Proposal for automatic linked selections

jonmmease commented 5 years ago

Overview

This is a high-level issue describing the proposed design for an approach to automating the process of creating cross-dataset linked brushing dashboards using HoloViews. As demonstrated in the glaciers demo, it is already possible to create these dashboards, but it requires a non-trivial amount of manual logic to wire up the selection streams, gather and combine selections, and update the displayed elements. And even then, the resulting dashboard is not very modular, as it's not possible to add additional linked views without modifying the existing structure.

The goal here is to take advantage of the fact that HoloViews visualization elements have information about the underlying dimensions of the datasets used to construct them. Similar to the way that HoloViews can automatically link the axes of matching dimensions across views, we would like to make use of this same information to enable linked selections.

Basic user workflow

The general workflow for building a linked dashboard with this approach is for the user to first construct a holoviews.Dataset object that includes all of the relevant dimensions across all of the elements that will be created.

The visualization elements (Scatter, Bar, etc.) are created from the Dataset using the Dataset.to method. These elements are then combined into a layout. This layout is then transformed into an interactive selection-linked version using a new link_selections operation (Final name still TBD).

import pandas as pd
import holoviews as hv
from holoviews.operation.selection import link_selections
hv.extension('bokeh')

df = pd.read_csv("https://raw.githubusercontent.com/pandas-dev/pandas/master/pandas/tests/data/iris.csv")
iris_ds = hv.Dataset(df)
scatter_el = iris_ds.to(hv.Scatter, "SepalLength", "SepalWidth", groupby=[])
histogram_el = iris_ds.hist("SepalLength", adjoin=False)

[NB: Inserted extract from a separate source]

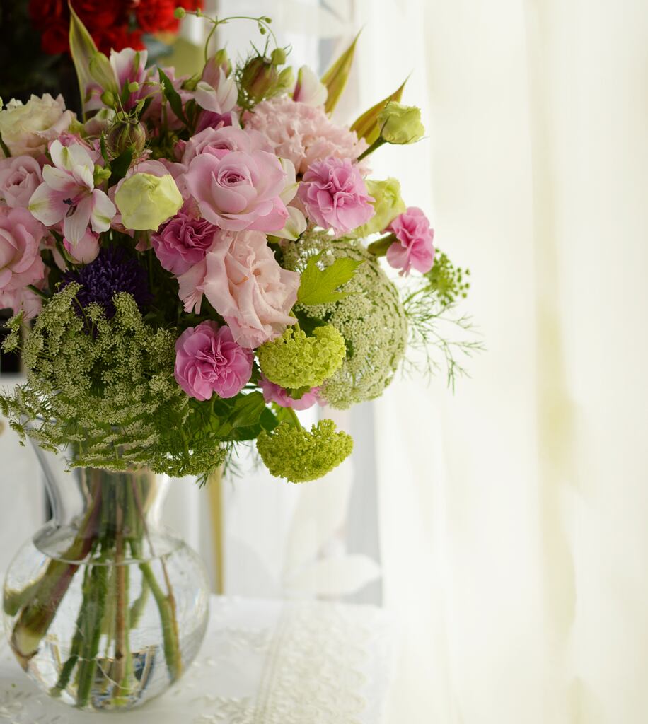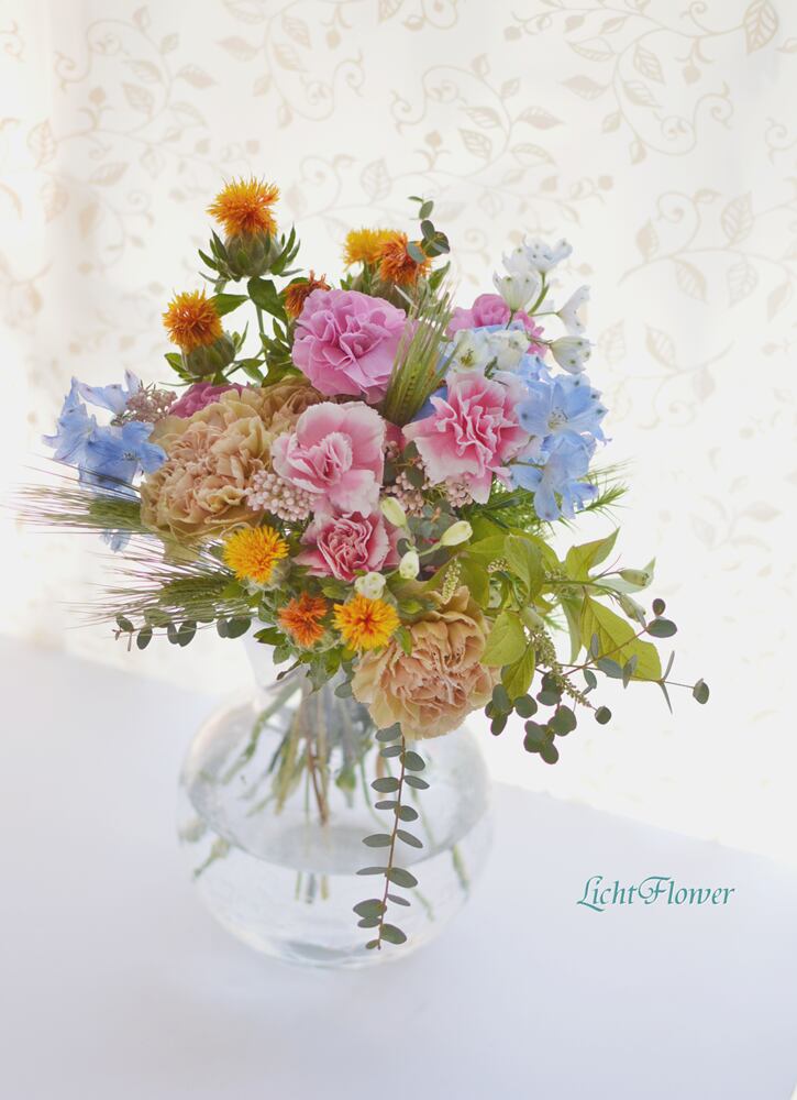花束と一緒に、扱い易く倒れにくい素敵な花瓶もセットでご購入できます。

original_layout = scatter_el + histogram_el
linked_layout = link_selections(original_layout)
linked_layout

Screen Shot 2019-07-23 at 9 35 15 AM

Rather than construct a holoviews.Dataset object and using the .to method, the higher-level hvplot library may also be used to create visualization elements directly from DataFrames.

import pandas as pd
import hvplot.pandas
from holoviews.operation.selection import link_selections

iris_df = pd.read_csv("https://raw.githubusercontent.com/pandas-dev/pandas/master/pandas/tests/data/iris.csv")

scatter_el = iris_df.hvplot.scatter("SepalLength", "SepalWidth")
histogram_el  = iris_df.hvplot.hist("SepalLength")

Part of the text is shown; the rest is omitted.